I was talking to a friend on Twitter yesterday. And, in the midst of my disappointment and shock, I actually said something wise and mature: "The only right way to fight oppression is to fight smarter and better and righter -- not violenter." Violenter is not a word, but the rest are, and I think I made a good point: our evolved brains are supposed to give us the ability to rise above of oppressors mentally, physically, and -- most importantly -- emotionally.

As people opposing Gaddafi's ridiculous autocracy and ethnic cleansing, the rebels' main job was to get him out of power (and hopefully not tear the country to ribbons while doing it). That was their original goal. But then, how do you explain Gaddafi's battered body yesterday? Easily: it was hate. It was anger over him and everything about him and the fact that he was the enemy. Why is it that hate is the most human trait there is, yet it's the one we're supposed to rise above? But that's the thing: every human, no matter what their beliefs or culture knows that hate is wrong. They know what it does. They know that hate festers until it's all there is. Fear is the mind-killer, but hate is the soul-killer. We all know it, but we still let it get the best of us.
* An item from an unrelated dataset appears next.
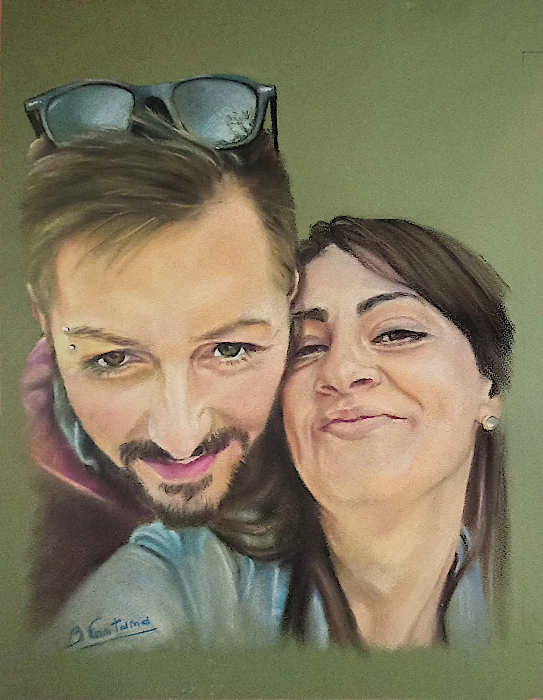 Doppio ritratto a pastello, ritratto da foto, 40x50cm

Overwhelming anger and passion is the only way an average person could actually go through with killing someone. (Psychopaths and sociopaths obviously operate differently, but we shan't go into them now.) But when you're full of hate, you change. Killing becomes less of a big deal. It becomes less justice and more vengeance, and you've probably forgotten the real reason you were angry in the first place. That dudes who were parading Gaddafi's corpse were all like "Fuck yeah! We killed that sonbitch!"
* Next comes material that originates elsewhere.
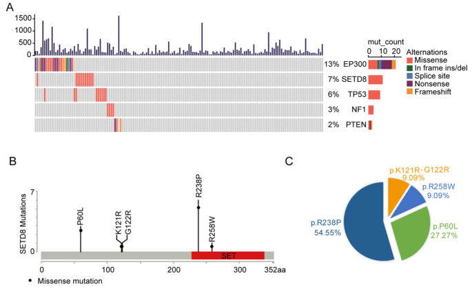 结果解读:在156例宫颈癌组织中,SETD8的突变频率为7%,其中化疗应答者中的突变频率(10%)高于非应答者;SETD8突变包括5种错义突变,其中R238P(54.55%)位于SETD8的SET功能结构域;TMB在SETD8突变组与野生型组之间无显著统计学差异(p=0.6562),提示SETD8突变与肿瘤突变负荷无直接关联。

Yeah, you killed him. Now what?

Because that's the thing: killing him during a raid is just vengeance. You showed everyone (especially Gaddafi) that you were pissed off. But you forgot why. If he was put on trial and had a sentence according to the local legal system, the whole world would've seen why the rebels were angry. They would've showed everyone that Gaddafi's a bad guy, he did bad things, and they refuse to be ruled by that. Execution under law is a political and social choice of a people. But Gaddafi was just killed out in the streets; what was done to him, he'd probably had done to others in the past, but that doesn't make it right.

And, when you kill someone: you just became a killer. You just became the thing you hated. The bullied became the bully; the beaten child beats his children. And that, my friends, is the worst kind of hypocrisy there is.

But with all that said, I sincerely hope the Libyan people find peace, because they deserve it. Everyone does.